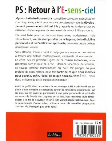 Myriam LAKHDAR-BOUNAMCHA, conseillère conjugale, spécialisée en coaching de vie, a écrit pour nous ce percutant ouvrage de développement personnel et spirituel. Elle y rappelle les fondamentaux ou essentiels d’une vie pleine de sens avant « le retour à l’E-Sens-Ciel ».
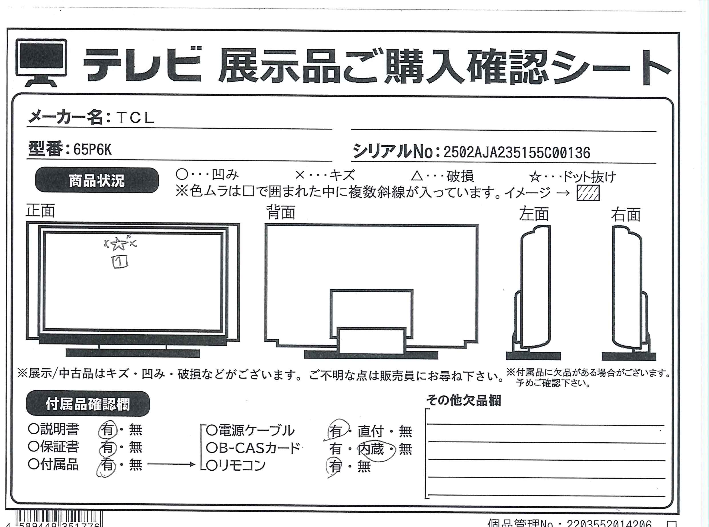 中古商品ランクについて 付属品・商品状態について 〔付属品〕リモコン、単四形乾電池X2、電源コード、スタンドX2、スタンド取付ネジX4、マジックテープX2、VESAネジX2、ネジ(ST4)(20mm)、クリップX3、説明書、かんたんガイド
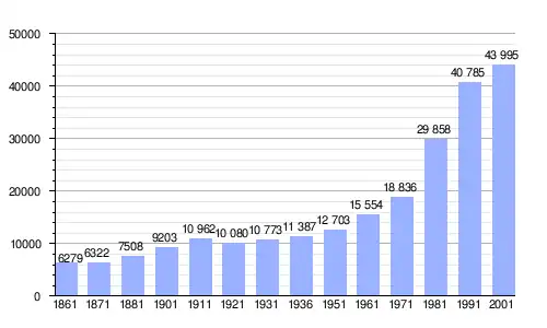 Gráfica de evolución demográfica de Misterbianco entre 1861 y 2001 |
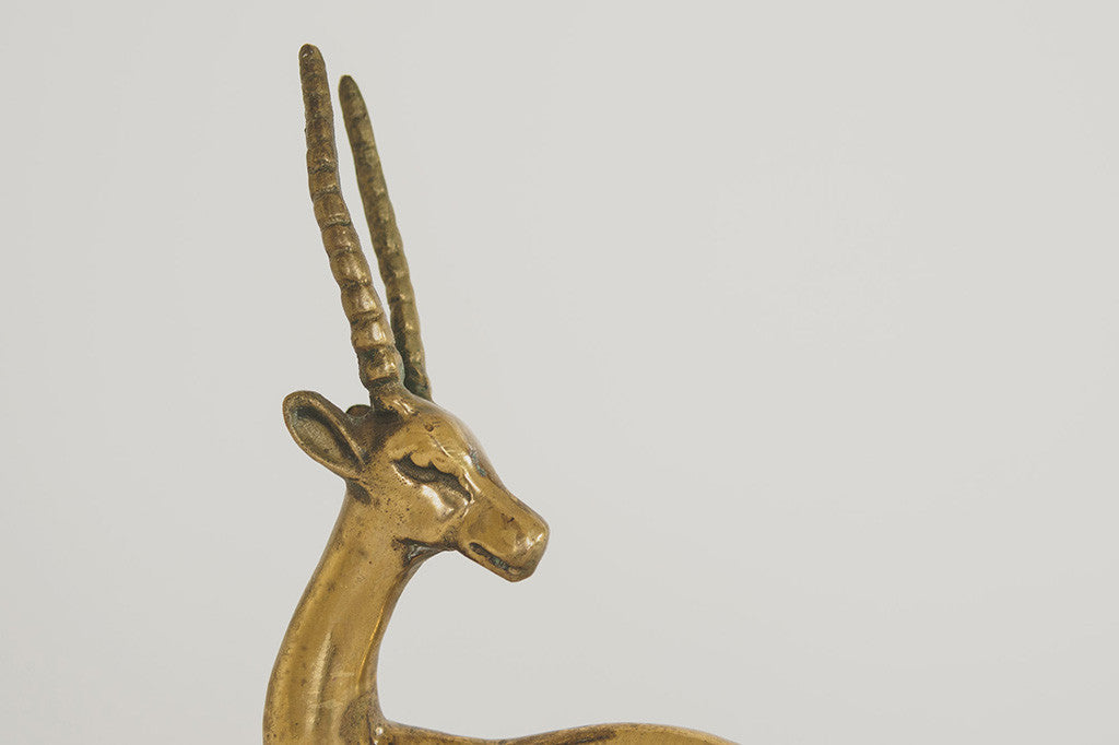 This vintage brass gazelle figure is in good shape with a shiny and nicely distressed finish. Please see pictures for detailed condition.
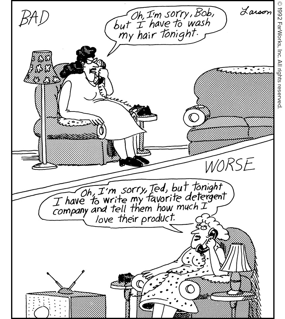 BAD / Oh, I’m sorry, Bob, but I have to wash my hair tonight. / WORSE / Oh, I’m sorry, Ted, but tonight I have to write to my favorite detergent company and tell them how much I like their product.
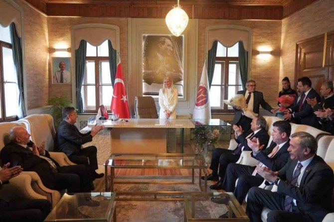 Geçici olarak görevden alınan Bilecik Belediye Başkanı Semih Şahin, yerine başkan vekili seçilen Melek Mızrak Subaşı'nın kendisi tarafından makam odasına...
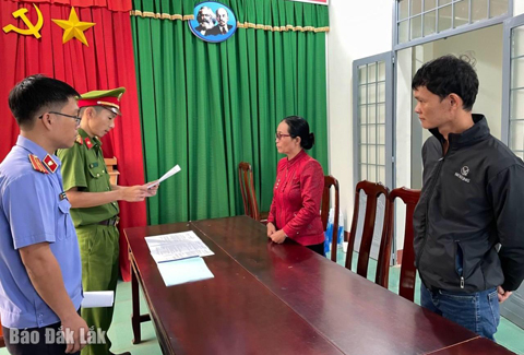Cơ quan Cảnh sát điều tra Công an huyện Ea H'leo đọc quyết định tạm giam bà Đoàn Thị Lam.
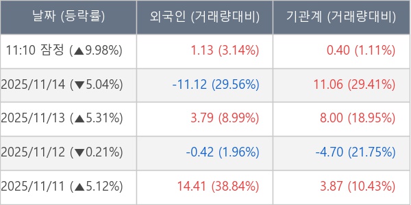 [장중수급포착] 에스티아이, 외국인/기관 동시 순매수… 주가 +9.98%
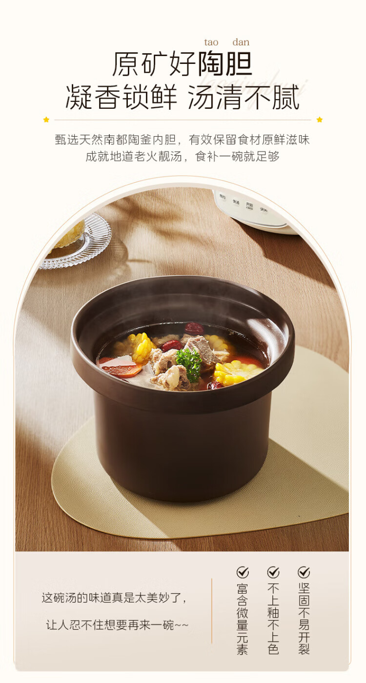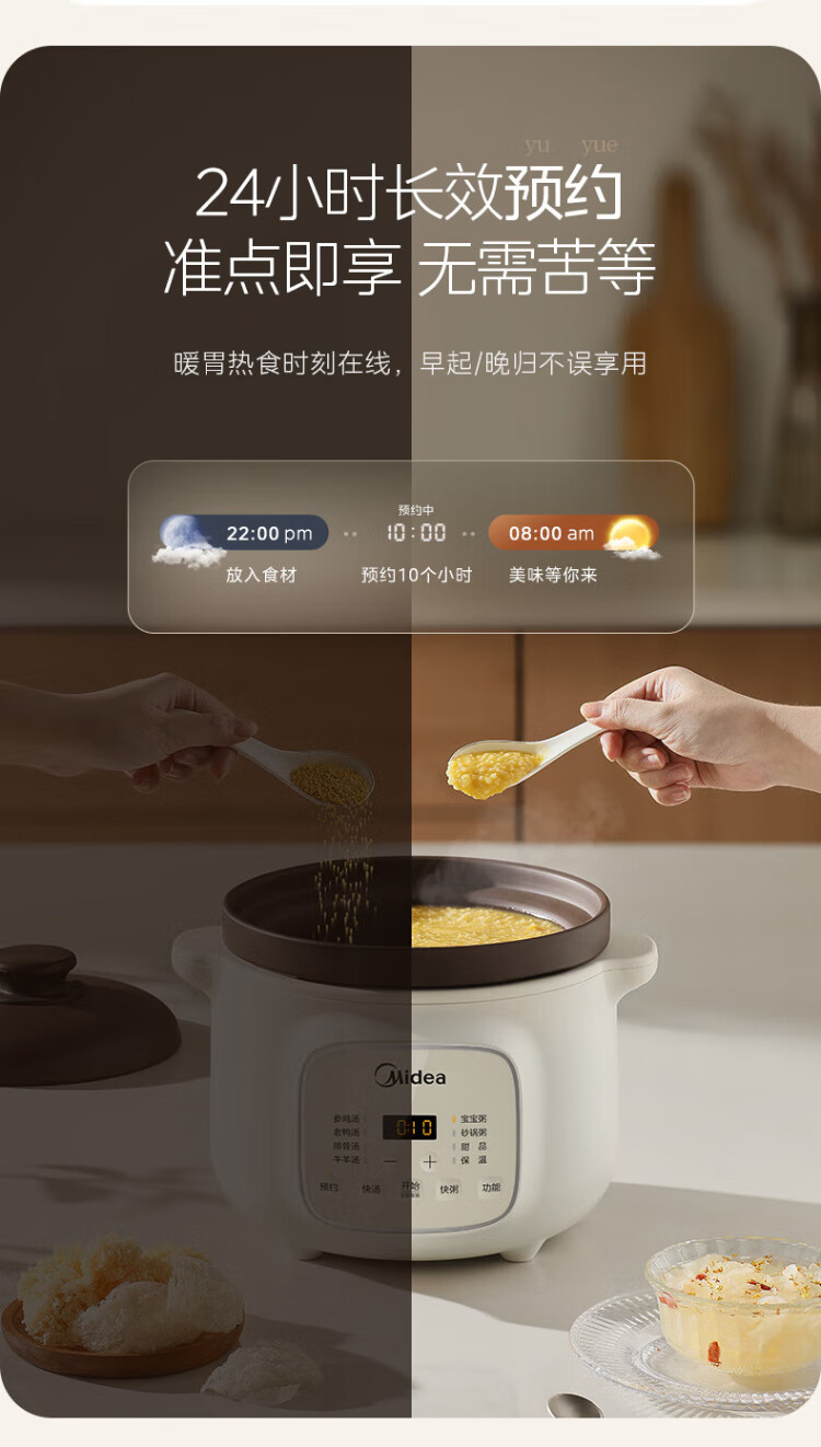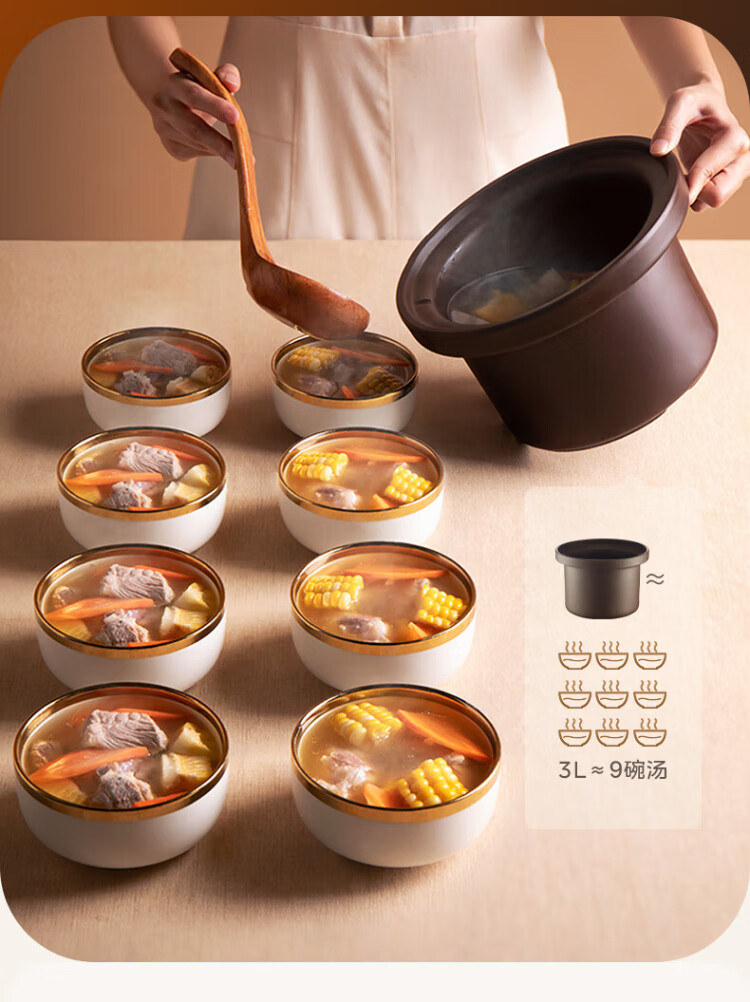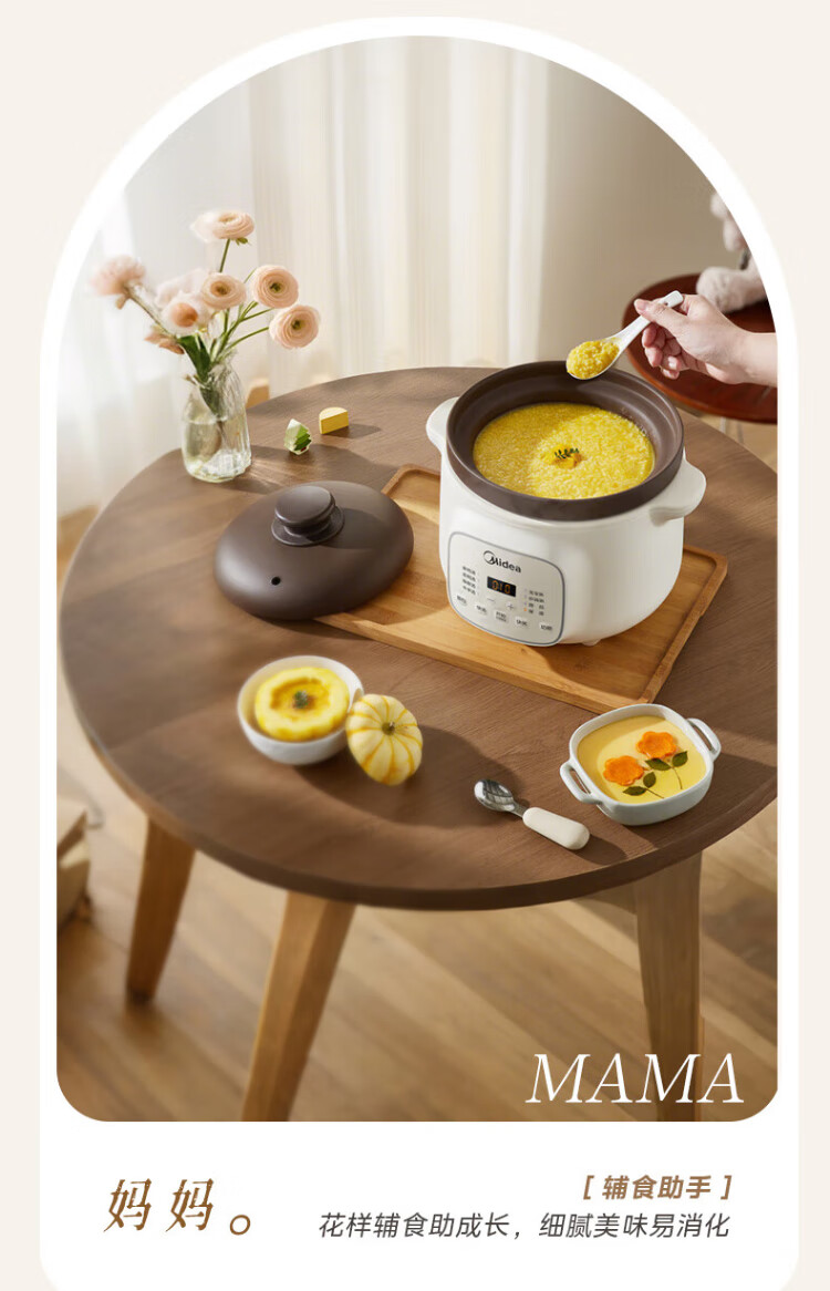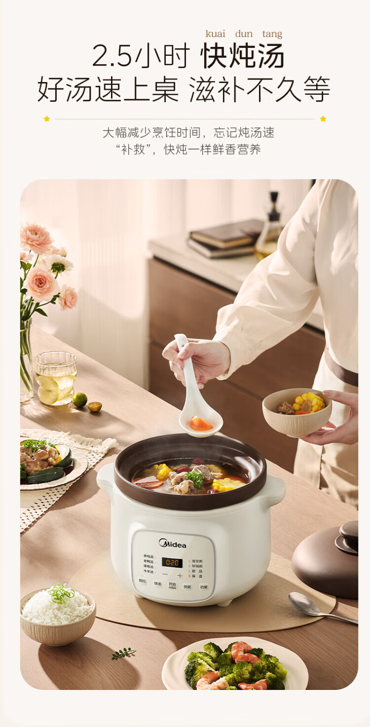 Midea electric stew pot, electric casserole, electric stew pot, ceramic soup pot, stew pot, purple casserole, 3L bird's nest stew pot, porridge, baby food supplement pot, electric cooking pot MD-DGE3056
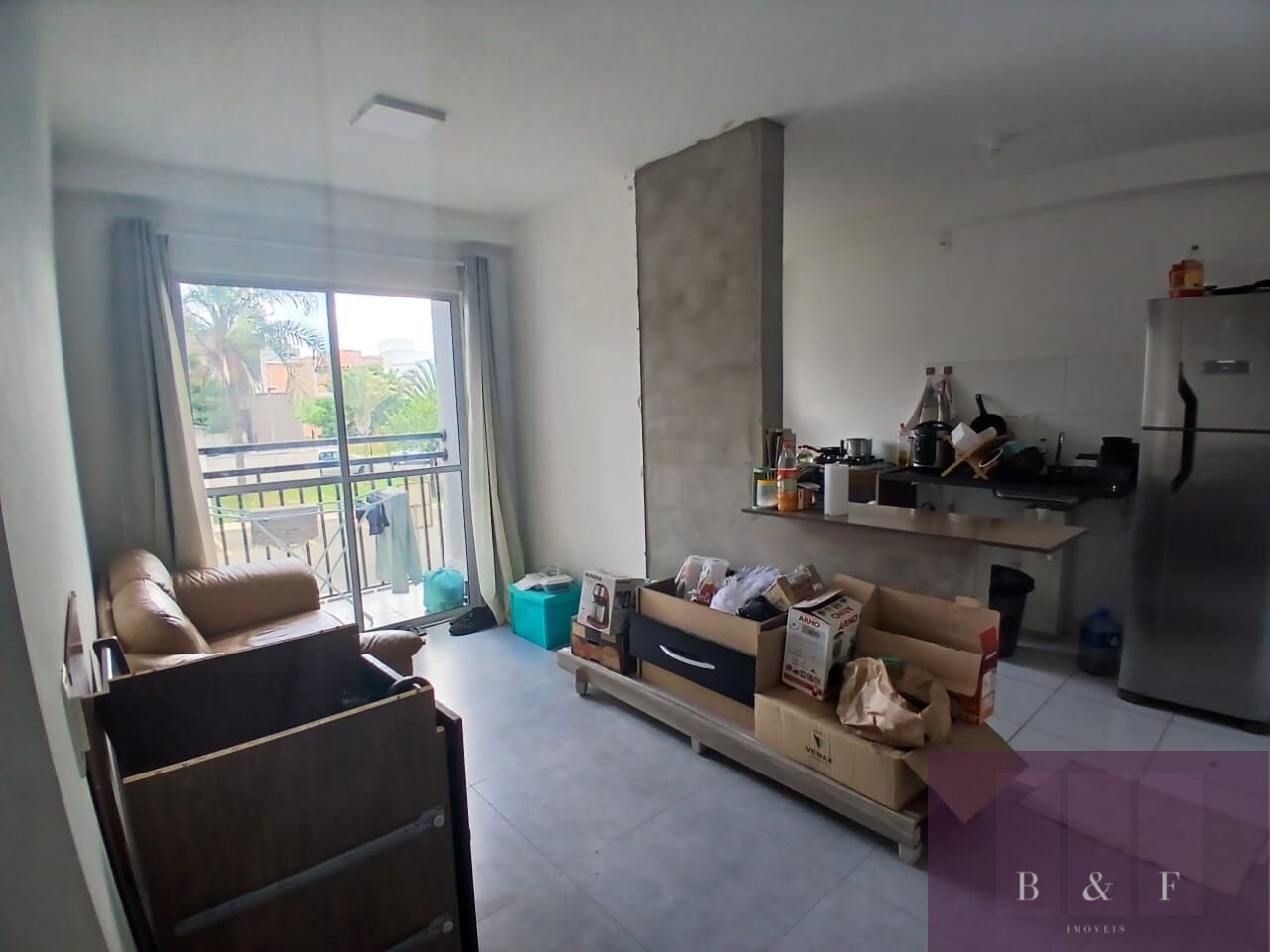 Apartamento com sacada e vaga de garagem.
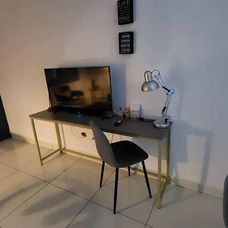 Et værelse har et skrivebord, kaffe- og tefaciliteter, et fladskærms TV med satellitkanaler, mens køkkenet også indeholder kaffemaskiner/tekedler og et køleskab.
───
> Instructions for the task
Without changing a word, transcribe all of the data and omit its images.

> Answer
 Myriam LAKHDAR-BOUNAMCHA, conseillère conjugale, spécialisée en coaching de vie, a écrit pour nous ce percutant ouvrage de développement personnel et spirituel. Elle y rappelle les fondamentaux ou essentiels d’une vie pleine de sens avant « le retour à l’E-Sens-Ciel ».
 中古商品ランクについて 付属品・商品状態について 〔付属品〕リモコン、単四形乾電池X2、電源コード、スタンドX2、スタンド取付ネジX4、マジックテープX2、VESAネジX2、ネジ(ST4)(20mm)、クリップX3、説明書、かんたんガイド
 Gráfica de evolución demográfica de Misterbianco entre 1861 y 2001 |
 This vintage brass gazelle figure is in good shape with a shiny and nicely distressed finish. Please see pictures for detailed condition.
 BAD / Oh, I’m sorry, Bob, but I have to wash my hair tonight. / WORSE / Oh, I’m sorry, Ted, but tonight I have to write to my favorite detergent company and tell them how much I like their product.
 Geçici olarak görevden alınan Bilecik Belediye Başkanı Semih Şahin, yerine başkan vekili seçilen Melek Mızrak Subaşı'nın kendisi tarafından makam odasına...
Cơ quan Cảnh sát điều tra Công an huyện Ea H'leo đọc quyết định tạm giam bà Đoàn Thị Lam.
 [장중수급포착] 에스티아이, 외국인/기관 동시 순매수… 주가 +9.98%
 Midea electric stew pot, electric casserole, electric stew pot, ceramic soup pot, stew pot, purple casserole, 3L bird's nest stew pot, porridge, baby food supplement pot, electric cooking pot MD-DGE3056
 Apartamento com sacada e vaga de garagem.
 Et værelse har et skrivebord, kaffe- og tefaciliteter, et fladskærms TV med satellitkanaler, mens køkkenet også indeholder kaffemaskiner/tekedler og et køleskab.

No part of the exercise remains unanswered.